* **Problem requirements**
Return the full listing character for character, without its pictures.

* **Data records**
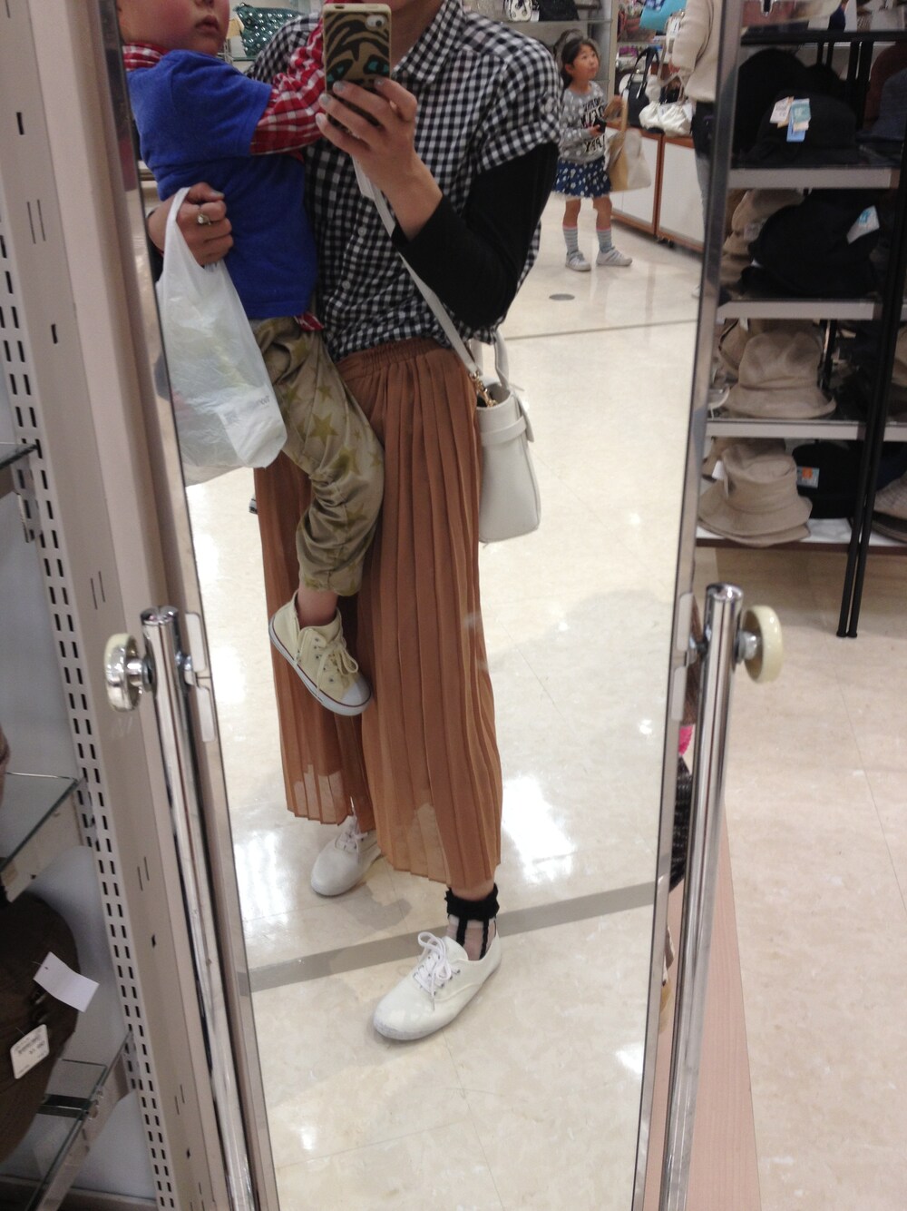 買い物先にてパシャり… 今日は息子くんの4歳の誕生日❤ 母ちゃん黒チェックで息子赤チェックイロチのオソロにしてみました。 18キロ重い…
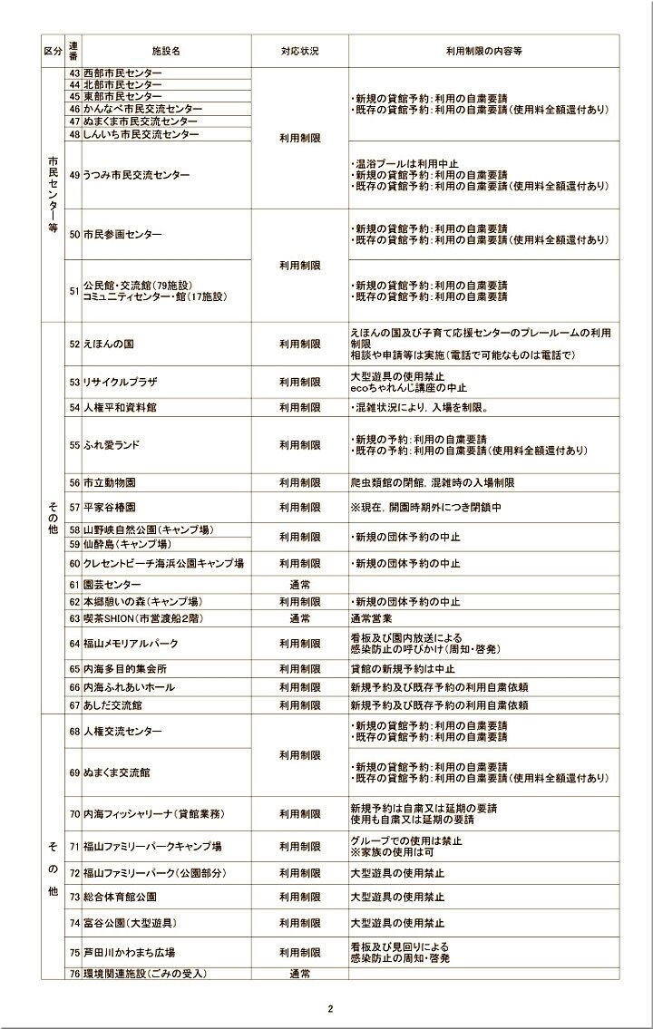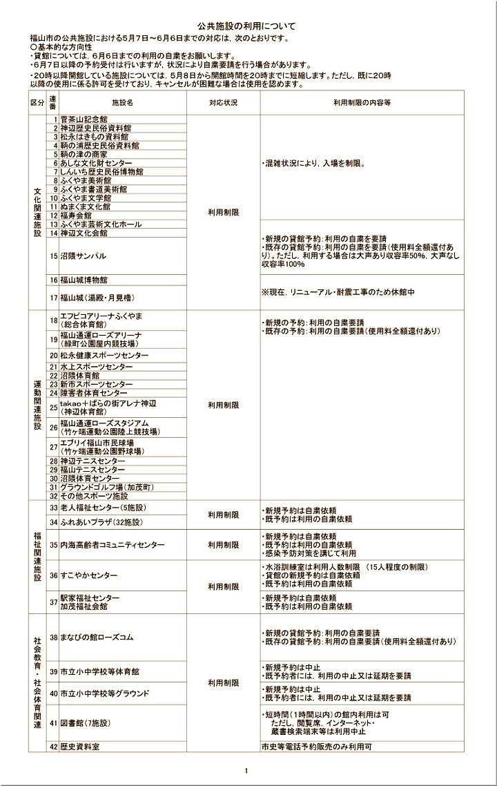 ・【新型コロナウイルス感染防止緊急対処における公共施設の利用について】
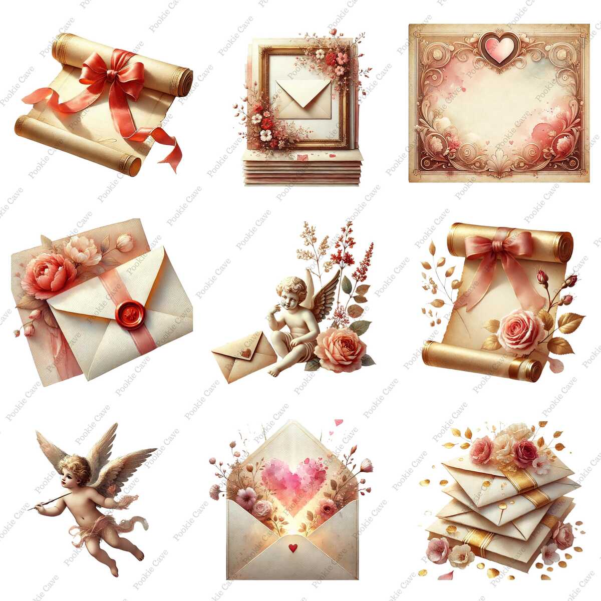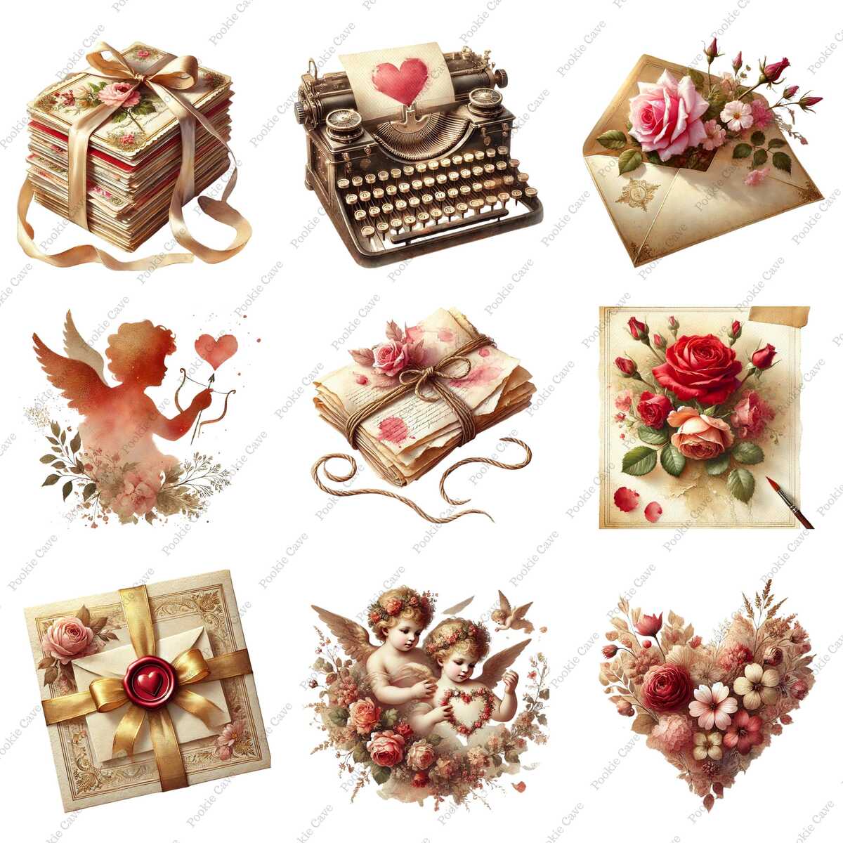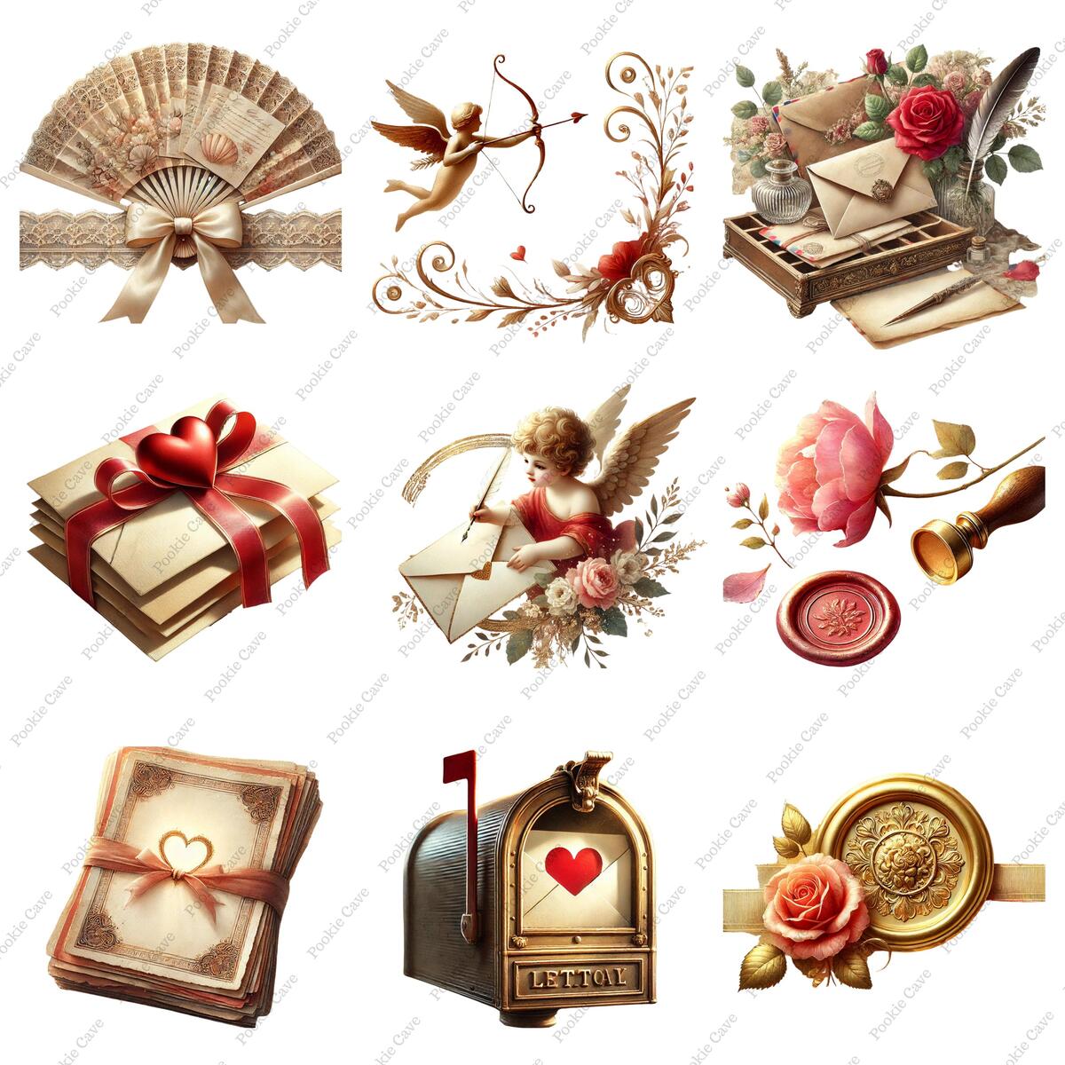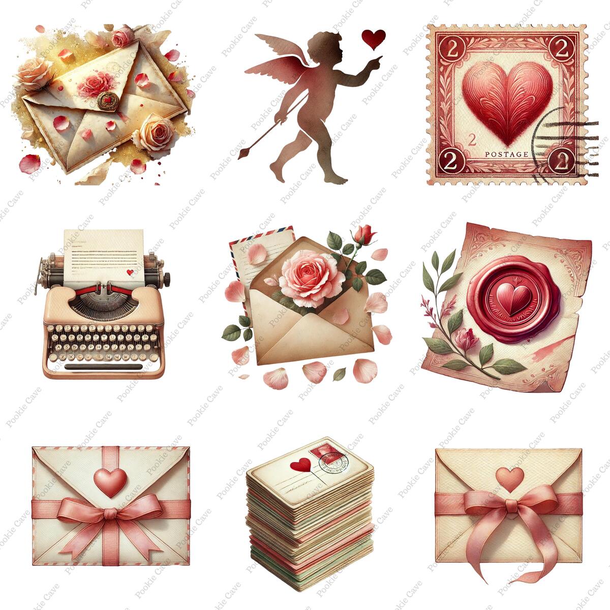 Fall in love with nostalgia. This set of 36 Vintage Valentine Postcards captures the timeless elegance of romantic correspondence through digital watercolor art.
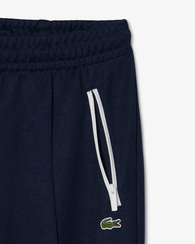 Questi pantaloni felpati sono una versione elegante e sofisticata firmata Lacoste di un capo sportswear essenziale. Realizzati in piqué interlock con un taglio svasato e dettagli sofisticati, tra cui zip a contrasto e pieghe frontali. Il connubio perfetto tra moda e sportswear, rifinito con l'iconico coccodrillo ricamato.
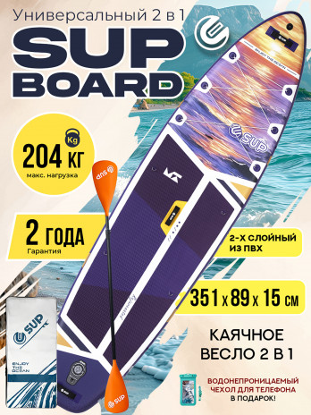 КомментарийДолго подбирала сап для новичка, подошёл по всем характеристикам: длина (не слишком длинный), ширина (более устойчивая), вес сапа, насос двойного действия (качается намного быстрее). Пришел полный комплект как в описании: сап и ремешок к нему, насос, весло, ремкомплект, лишь страховочный (полностью черный), гермомешок и ремешок к нему, чехол водонепроницаемый для телефона, 3 раздельных плавника, рюкзак (хороший, плотный). Цвета соответствуют фото, очень яркие и насыщенные. На спокойной воде кататься одно удовольствие, по волнам хорошая устойчивость.
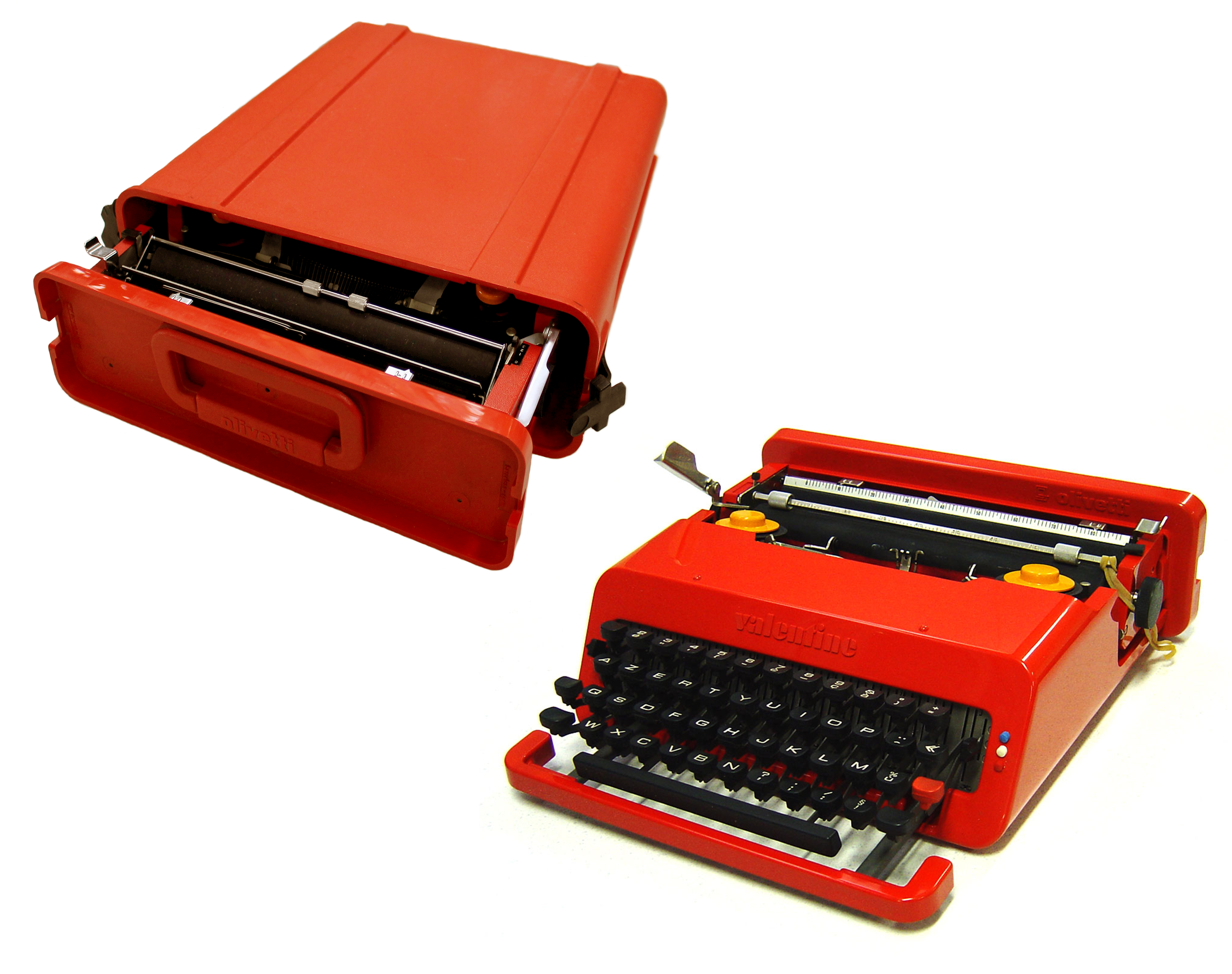 VALENTINE 휴대용 타자기: 에토레 소트사스(Ettore Sottsass)가 디자인한 이 타자기는 대담한 빨간색 디자인으로 주목받았습니다. 디자인의 역할을 순수한 기능을 넘어선 스타일의 영역으로 확장한 사례입니다.

* **Solved exercise**
 買い物先にてパシャり… 今日は息子くんの4歳の誕生日❤ 母ちゃん黒チェックで息子赤チェックイロチのオソロにしてみました。 18キロ重い…
 ・【新型コロナウイルス感染防止緊急対処における公共施設の利用について】
 Fall in love with nostalgia. This set of 36 Vintage Valentine Postcards captures the timeless elegance of romantic correspondence through digital watercolor art.
 Questi pantaloni felpati sono una versione elegante e sofisticata firmata Lacoste di un capo sportswear essenziale. Realizzati in piqué interlock con un taglio svasato e dettagli sofisticati, tra cui zip a contrasto e pieghe frontali. Il connubio perfetto tra moda e sportswear, rifinito con l'iconico coccodrillo ricamato.
 КомментарийДолго подбирала сап для новичка, подошёл по всем характеристикам: длина (не слишком длинный), ширина (более устойчивая), вес сапа, насос двойного действия (качается намного быстрее). Пришел полный комплект как в описании: сап и ремешок к нему, насос, весло, ремкомплект, лишь страховочный (полностью черный), гермомешок и ремешок к нему, чехол водонепроницаемый для телефона, 3 раздельных плавника, рюкзак (хороший, плотный). Цвета соответствуют фото, очень яркие и насыщенные. На спокойной воде кататься одно удовольствие, по волнам хорошая устойчивость.
 VALENTINE 휴대용 타자기: 에토레 소트사스(Ettore Sottsass)가 디자인한 이 타자기는 대담한 빨간색 디자인으로 주목받았습니다. 디자인의 역할을 순수한 기능을 넘어선 스타일의 영역으로 확장한 사례입니다.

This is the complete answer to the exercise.